EXERCISE MATERIAL:
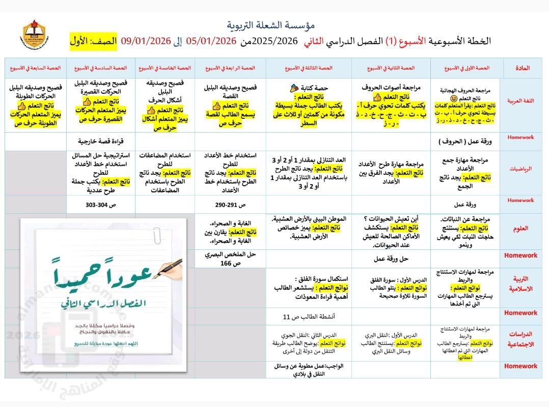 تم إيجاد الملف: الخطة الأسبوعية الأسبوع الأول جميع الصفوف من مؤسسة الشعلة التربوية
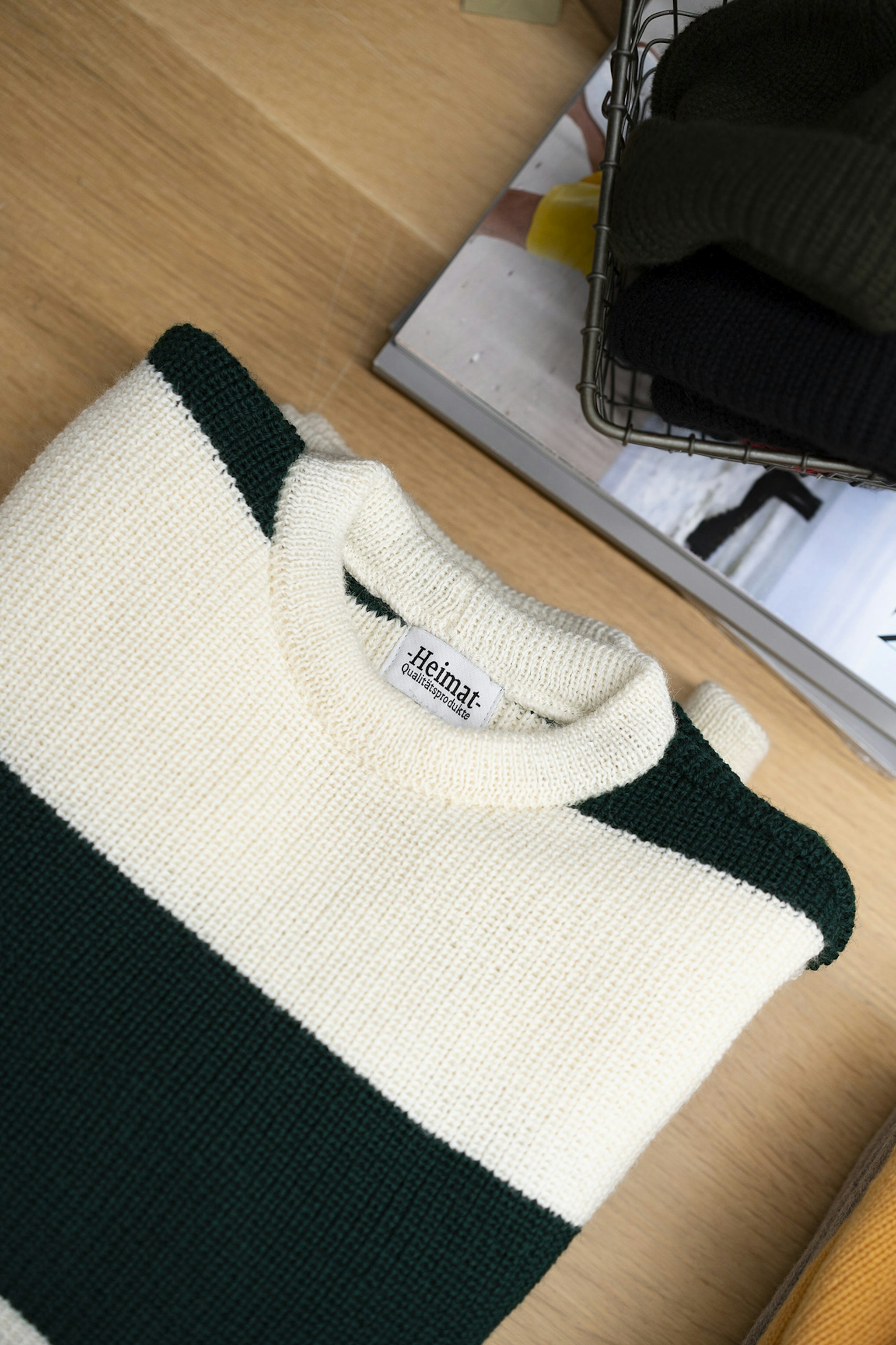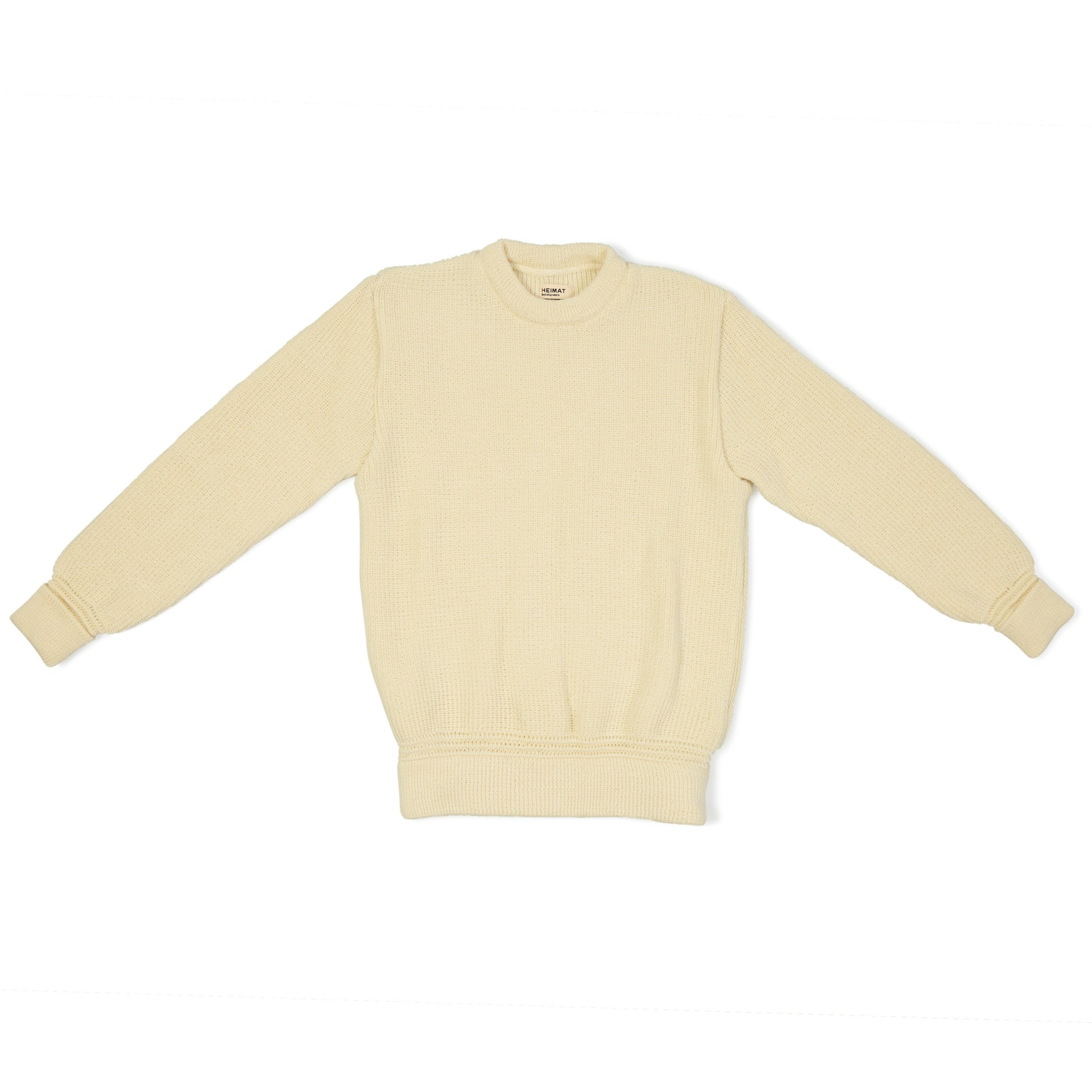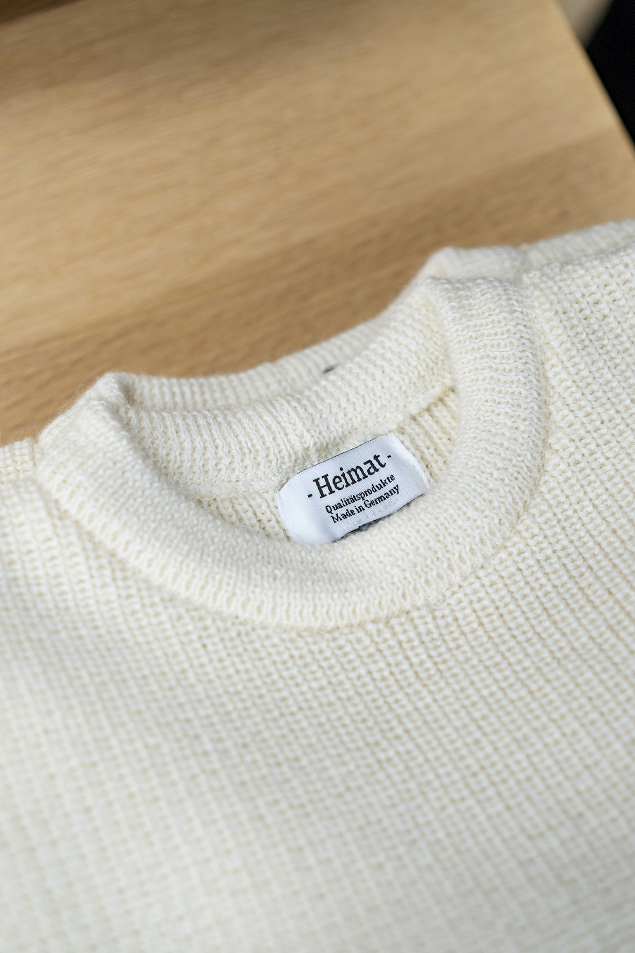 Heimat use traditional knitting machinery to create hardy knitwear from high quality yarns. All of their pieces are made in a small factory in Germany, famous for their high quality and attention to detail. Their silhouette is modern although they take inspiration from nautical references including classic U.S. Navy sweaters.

* * *

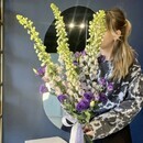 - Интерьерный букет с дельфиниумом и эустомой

EXERCISE OBJECTIVE:
With pictures omitted, repeat the entries above word for word from the line holding "تم إيجاد الملف: الخطة" down to the line holding "Heimat use traditional", keeping both of those lines.

RESPONSE BOX:
 تم إيجاد الملف: الخطة الأسبوعية الأسبوع الأول جميع الصفوف من مؤسسة الشعلة التربوية
 Heimat use traditional knitting machinery to create hardy knitwear from high quality yarns. All of their pieces are made in a small factory in Germany, famous for their high quality and attention to detail. Their silhouette is modern although they take inspiration from nautical references including classic U.S. Navy sweaters.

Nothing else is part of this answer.